Solution to problem of polynomial equation using factorization.

Below is a solution to a 4th order polynomial equation. 

Solve the equation $2^4-3x^3-x^2-3x+2=0$

Divide through by $x^2$

$2x^2-3x-1-\frac{3}{x}+\frac{2}{x^2}=0$

Collect like terms.

$2x^2+\frac{2}{x^2}-3x-\frac{3}{x}-1=0$

Factor out coefficients

$2(x^2+\frac{1}{x^2})-3(x+\frac{1}{x})-1=0$...............................(i)

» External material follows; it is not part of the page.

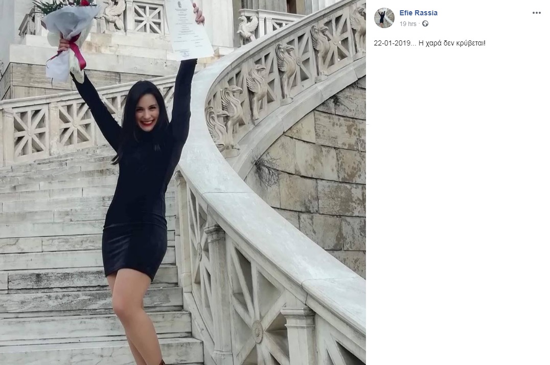 Η ίδια, φανερά ενθουσιασμένη, αποκάλυψε τα χαρμόσυνα νέα μέσα από τον προσωπικό της λογαριασμό στο Facebook, όπου δημοσίευσε μια φωτογραφία από την ορκωμοσία της. Κρατώντας ψηλά το χαρτί του πτυχίου και μια ανθοδέσμη, πόζαρε χαμογελαστή στον φακό, φορώντας ένα μίνι μαύρο φόρεμα που αποκάλυπτε το καλλίγραμμο κορμί της.
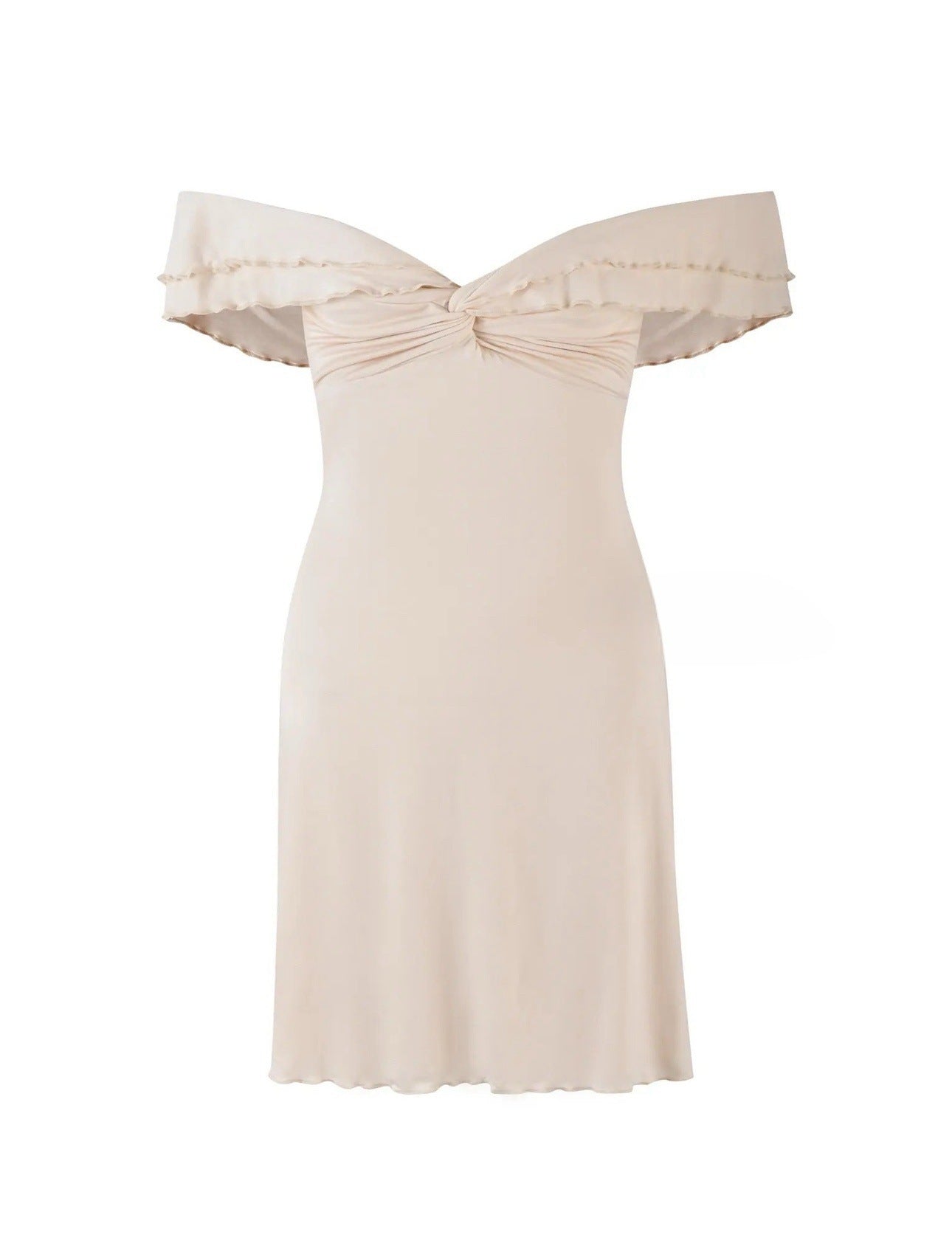 Plataz Sexy One-Word Hanging Shoulder-Wielt Tective Dress Spring And Summer Twinning Lotus Side Sleeves And Hips Mini Short Skirt

Let &$t=x+\frac{1}{x}$ so that $t^2=x^2+2+\frac{1}{x^2}$

Substitute $t$ into (i)

$2(t^2-2)-3t-1=0$

$2t^2-4-3t-1=0$

$2t^2-3t-5=0$

Factorizing the quadratic equation yields:

$2t^2-3t-5=(2t-5)(t+1)=0$

$t=\frac{5}{2}$ or $-1$

Substitute $t=x+\frac{1}{x}$ into the roots of the equation

=$x+\frac{1}{x}=\frac{5}{2}$ or $x+\frac{1}{x}=-1$

Simplify the roots by clearing the denominator, we get

$2x^2+5x+2=0$ or $x^2+x+1=0$

Solving for $x$ in $2x^2+5x+2=0$ we get $x=\frac{1}{2}, 2$

And solving for $x$ in $x^2+x+1=0$ we get $x=\frac{-1\pm{i} \sqrt{3}}{2}$. 

Thetefore: the root of the polynomial equation  $2^4-3x^3-x^2-3x+2=0$ is  $x=\frac{1}{2}, 2$, and  $x=\frac{-1\pm{i} \sqrt{3}}{2}$.